Please tell me what you think of Ralcorp Holdings Inc. I bought 130 shares in May 2007 at $66, and they just keep going down. I also own Goldman Sachs Large-Company Growth-B Fund. I bought it eight years ago and my $10,000 investment is worth $8,043. Please tell me what I should do with it. I also own Alliance Global Fund and Templeton Foreign Fund. Please advise me on these two mutual funds, too.

R.R., Jonesboro, Ark.

Dear R.R.:

Four brokerages on Wall Street have a “strong buy” on Ralcorp Holdings Inc. (RAH-$60.36). Last year, RAH was highly regarded by Lehman Bros., JPMorgan Chase & Co., Credit Suisse Group, AG Edwards & Sons Inc. and quite a few other semi-respected stock brokerage firms.

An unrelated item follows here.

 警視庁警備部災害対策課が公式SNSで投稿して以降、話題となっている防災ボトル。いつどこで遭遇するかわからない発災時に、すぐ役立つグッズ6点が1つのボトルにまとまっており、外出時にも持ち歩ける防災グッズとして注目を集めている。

RAH is a producer of private-label breakfast cereals, crackers, cookies, snacks, jams, syrups, salad dressing, sauces, frozen griddle products and frozen pre-baked products, and the most delectable, delightful, delicious and piquant edibles I’ve had the pleasure of sampling. They are sold under names like Nutcracker, Carriage House, Bakery Chef, Bremner, Bloomfield and, of course, Ralston Foods.

A large portion of RAH’s $2.6 billion in revenues is derived from products it makes for large grocers under the Kroger, Publix, Safeway and Weiss labels. RAH has had a stellar record of revenue and earnings growth for more than a decade, and earnings for 2008 should come in at $3.40 a share. But profit margins, which were 5.7 percent in 1998, have been trending steadily south to 3.6 percent this year.

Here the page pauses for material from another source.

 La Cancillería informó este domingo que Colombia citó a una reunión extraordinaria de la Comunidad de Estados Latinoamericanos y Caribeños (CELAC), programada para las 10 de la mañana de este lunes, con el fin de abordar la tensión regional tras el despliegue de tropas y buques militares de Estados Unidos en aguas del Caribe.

However, RAH’s recent $2.6 billion purchase of Post cereals should improve operating margins, because the synergies were too impossibly good to pass up.

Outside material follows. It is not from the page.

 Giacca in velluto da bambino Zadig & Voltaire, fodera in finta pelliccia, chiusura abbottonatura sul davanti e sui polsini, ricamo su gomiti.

RAH is a small-cap company with 26 million shares outstanding. Its 16 percent return on shareholders’ equity is superb, cash flow continues to be strong, and long-term debt continues to decline.

I really like RAH. However, rising commodity prices are taking a big bite from margins, and packaging costs have risen through the roof. Management has increased prices, which has hurt revenues, and there seems to be little relief in sight. Though RAH trades at just 16 times its value, I reluctantly suggest you sell your 130 shares.

RAH doesn’t pay a dividend, and a six-month, 4.25 percent certificate of deposit will give you some decent income with absolute safety.

Goldman Sachs Structured Large-Company Growth Fund is a $1.9 billion open-end mistake with a 5 percent deferred sales charge that went public in May 1997. Since then, this two-star abomination has posted an unforgivable 10-year average return of minus 1.08 percent.

Since the initial public offering, Goldman Sachs has euchred nearly $2,000 of management costs from thousands of fools who got suckered by the magic Goldman name and invested $10,000.

I used to know Guy Levy, the late senior partner of Goldman, and enjoyed visits with Gus and his wife at their New York penthouse during the late 1960s and early ’70s. Gus had many friends because his business ethics were honorable; he was kind and cared for his people and Goldman’s clients.

Gus measured Goldman’s success by its contributions to the world community, not by the size of its bank accounts. That’s not the Goldman Sachs culture now. If Gus were alive today, he’d turn over in his grave.

Sell that Goldman mutual fund plus your two foreign funds now. Most foreign funds have posted low, negative, double-digit returns this year and might repeat that performance next year and possibly in 2010.